The cluster of lights had become a single star, had dwindled and faded as if in the night of infinity. There was a sense of irredeemable depth, as if they had gone down to the very core of that alien world. The strangeness of their situation filled the earth-men with increasing disquiet. They had committed themselves to a clueless mystery that began to savor of menace and peril. Nothing was to be learned from their conductor. No retreat was possible—and they were both weaponless. They could not conceive the purpose of their descent, but more and more it assumed a sinister aspect.

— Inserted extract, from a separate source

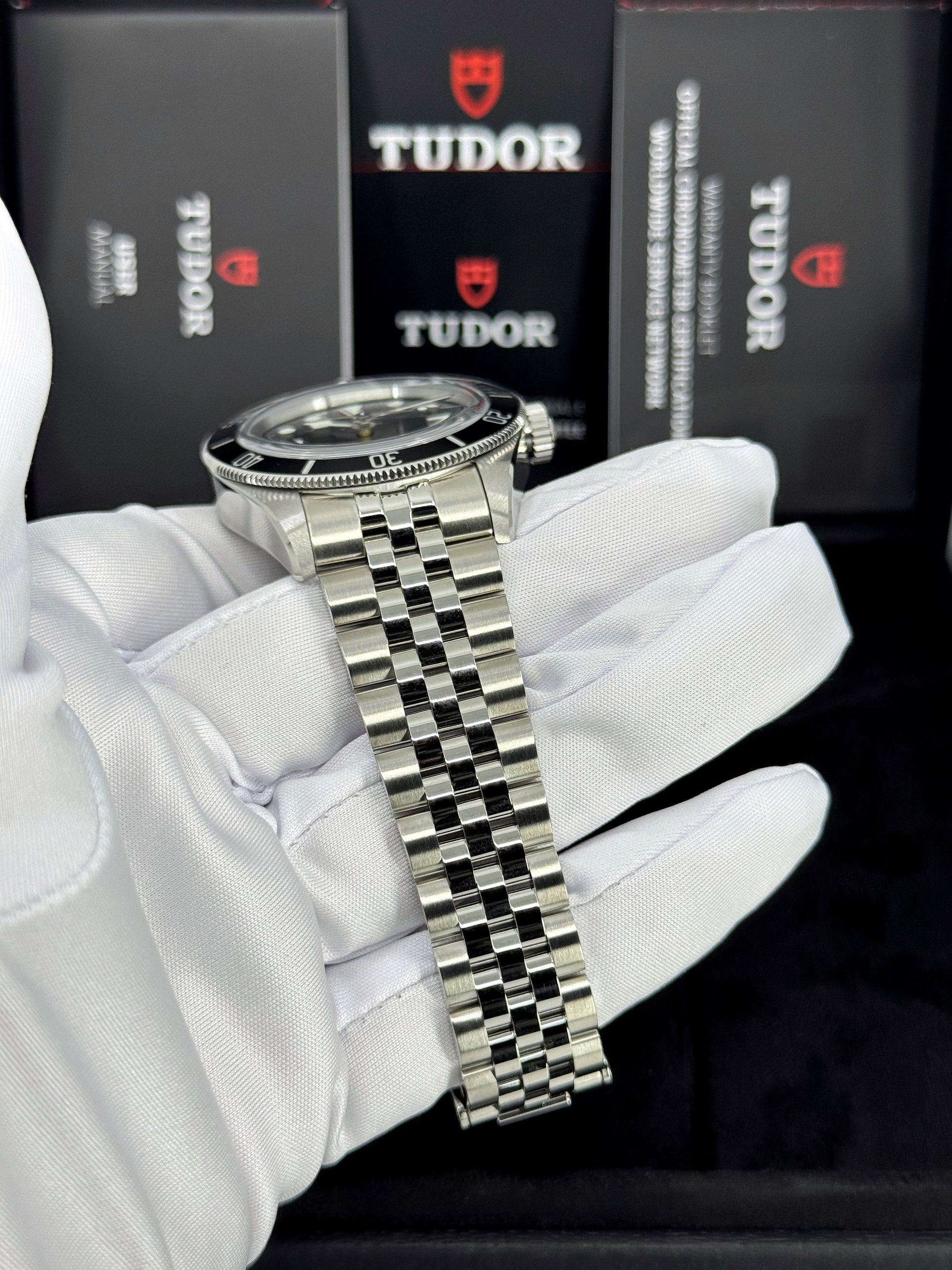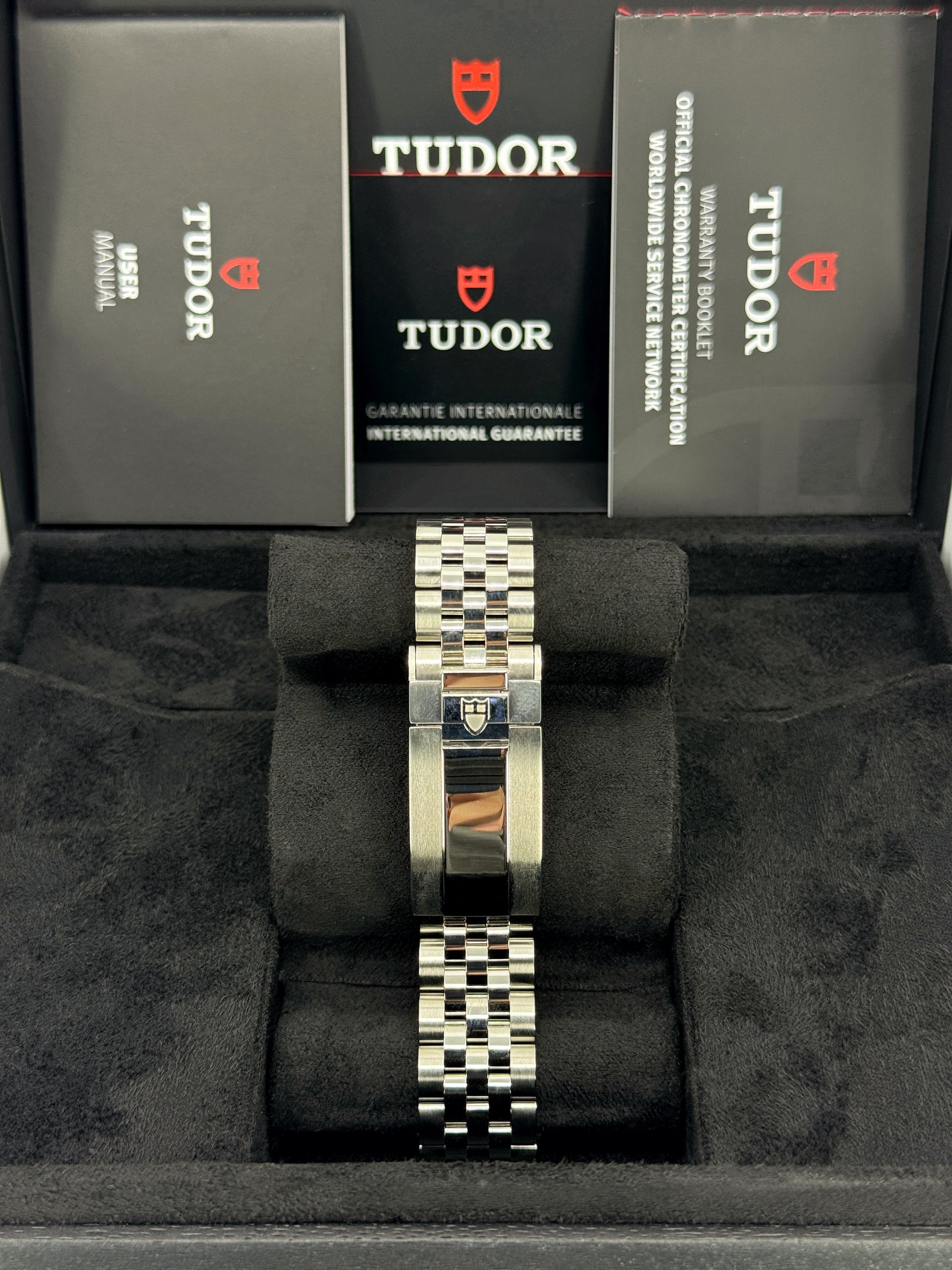 This watch is Unworn and comes complete with the original box, booklets and warranty card. Please note that it doesn't come with the white serial tag which was removed upon purchasing from the Tudor Authorized Dealer. The watch is fully linked with the standard amount of the Tudor links. If necessary, bracelet can be sized by buyer's request.

The strident shrieking of metal slowed and sank to a sullen whine. The earth-men were dazzled by the ruddy brilliance that broke upon them through a circle of slender pillars that had replaced the walls of the shaft. An instant more, while they went down through the flooding light, and then the floor beneath them became stationary. They saw that it was now part of the floor of a great cavern lit by crimson hemispheres embedded in the roof. The cavern was circular, with passages that ramified from it in every direction, like the spokes of a wheel from the hub. Many Martians, no less gigantic than the guide, were passing swiftly to and fro, as if intent on enigmatic errands. The strange, muted clangors and thunder-like rumblings of hidden machinery throbbed in the air, vibrated in the shaken floor.
“What do you suppose we’ve gotten into?” murmured Chanler. “We must be many miles below the surface. I’ve never heard of anything like this, except in some of the old Aihai myths. This place might be Ravormos, the Martian underworld, where Vulthoom, the evil god, is supposed to lie asleep for a thousand years amid his worshippers.”
The guide had overheard him. “You have come to Ravormos,” he boomed portentously. “Vulthoom is awake, and will not sleep again for another thousand years. It is he that has summoned you; and I take you now to the chamber of audience.”
Haines and Chanler, dumbfounded beyond measure, followed the Martian from the strange elevator toward one of the ramifying passages.
“There must be some sort of foolery on foot,” muttered Haines. “I’ve heard of Vulthoom, too, but he’s a mere superstition, like Satan. The up-to-date Martians don’t believe in him nowadays; though I have heard that there is still a sort of devil-cult among the pariahs and low-castes. I’ll wager that some noble is trying to stage a revolution against the reigning emperor, Cykor, and has established his quarters underground.”
“That sounds reasonable,” Chanler agreed. “A revolutionist might call himself Vulthoom: the trick would be true to the Aihai psychology. They have a taste for high-sounding metaphors and fantastic titles.”
Both became silent, feeling a sort of awe before the vastness of the cavern-world whose litten corridors reached away on every hand. The surmises they had voiced began to appear inadequate: the improbable was verified, the fabulous had become the factual, and was engulfing them more and more. The far, mysterious clangors, it seemed, were of preternormal origin; the hurrying giants who passed athwart the chamber with unknown burdens conveyed a sense of supernatural activity and enterprise. Haines and Chanler were both tall and stalwart, but they felt themselves shrinking into mere pygmies when they saw that none of the Martians about them was less than nine or ten feet in height. Some were closer to eleven, and all were muscled in proportion. Their faces bore a look of immense, mummy-like age, incongruous with their agility and vigor. They seemed oblivious of the earth-men, their deeply shadowed eyes preoccupied with some ulterior vision.